一个 x86 16 位字"与机器词"的概念绝对零联系;在 CPU 架构中.
在 8086 到 286 上,16 位是寄存器和总线宽度,并且是大多数 ALU 指令可以使用的除字节之外的唯一整数操作数大小.但是那些 CPU 仍然非常不基于文字".MIPS的方式;机器代码格式仍然相同,具有未对齐的小端 16 位立即数和位移.(8088 与 8086 相同,除了 8 位总线接口和 4 字节指令预取缓冲区而不是 6 字节.)
Despite a common definition for word (as stated on Wikipedia) being:
The largest possible address size, used to designate a location in memory, is typically a hardware word (here, "hardware word" means the full-sized natural word of the processor, as opposed to any other definition used).

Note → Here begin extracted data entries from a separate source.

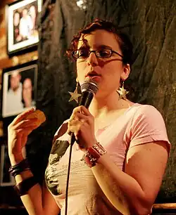 ![]() Benincasa moderating the "Comedians as Authors" panel at the 2014 Brooklyn Book Festival | |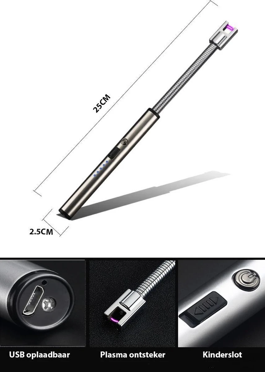 ✓ Veilig – De aansteker is voorzien van een kinderslot, schuif eerst de vergrendeling omhoog voordat de aansteker werkt. Daarnaast schakeld de aansteker zichtzelf na 10 seconden uit.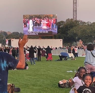 The day of the event the woman of the house agreed to join the fast as we gathered on the Mall to intercede on behalf of our nation. From the moment we found a parking spot, we could see believers all throughout the busy streets marching to the distant sound of drums and instruments carried on the air. Excitement filled our spirits. Suddenly, I felt the importance of why the Lord wanted my feet on the ground alongside my four children. We were standing amongst women of all ages, from the elderly to the infant to those still in their mother's womb. I had asked the Lord, "Will there be 1 million women?" He responded with a vision of a woman pregnant with a girl. There stood three generations of women. The female infant in utero was already carrying all the eggs she would ever have as a woman and thus the future generation was already within her womb as she was being formed in her mother's womb! SO AMAZING! So the short answer is, "YES."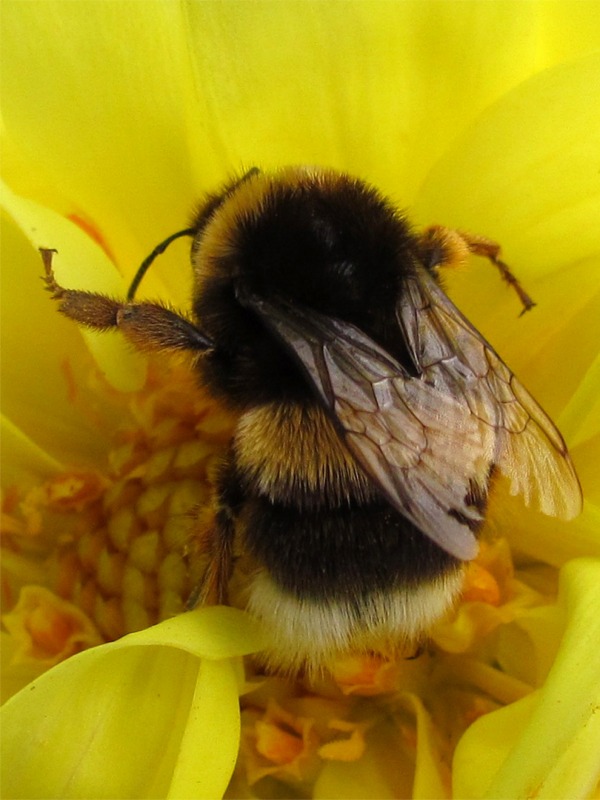 a beeThere are more than 20,000 species of bee in the world, with about 260 species in Britain. Surveys have found as many as 50 different species in a single London park. Bees can be very big; Wallace's giant bee (Megachile pluto from Indonesia) can be 40mm long, which is about as big as your thumb. They can also be very small. Four little sweat bees (Halictidae) became international celebrities in 2019 when a hospital in Taiwan removed them from a woman's eye. They had been under her eyelids for at least 24 hours, drinking her tear fluid, and they were still alive. When I think about bees, the first picture in my mind is a big, round, furry insect with black and orange stripes, that flies slowly and makes a loud buzzing noise. That's a bumblebee - see the photo. Honey bees are smaller, faster, less furry, and have black and amber stripes. They live in communities of thousands of bees. Most species of bee are solitary; they live alone. Solitary bees often make holes in the ground to live in. It's easy to see these holes in any area of short grass like a park or garden. Some bees are "solitary" because they like to live in individual holes, but they still like to live next to others, so you might see 40 or 50 little holes in the same bit of ground. Britain's largest bee is the buff-tailed bumblebee (Bombus terrestris, often 17mm long). The smallest UK species is the Small Scissor-Bee (Chelostoma campanularum, often only 4mm long). The males of this species sleep inside flowers. How cute is that... Not all bees produce honey, and only a few species live in large groups and produce enough honey to interest humans. However, bees are vital to gardeners, farmers and in fact to human life on this planet, because they are pollinators. They move pollen from one flower to another, and this gives us fruit and vegetables. And more flowers. Bumblebee image by Daniela, Creative Commons BY-SA 2.0. |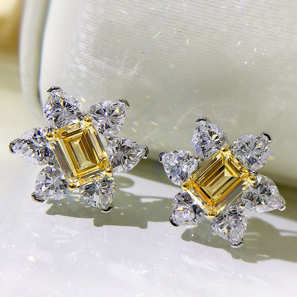 New earrings with sparkling yellow diamonds and full-studded flowers and zircon earrings, perfect for evening brides

x86 systems, according to some sources, note it's treated as 16 bits:
In the x86 PC (Intel, AMD, etc.), although the architecture has long supported 32-bit and 64-bit registers, its native word size stems back to its 16-bit origins, and a "single" word is 16 bits. A "double" word is 32 bits. See 32-bit computer and 64-bit computer.
Yet Intel's official documentation (sdm vol 2, section 1.3.1) states:
this means the bytes of a word are numbered starting from the least significant byte. Figure 1-1 illustrates these conventions.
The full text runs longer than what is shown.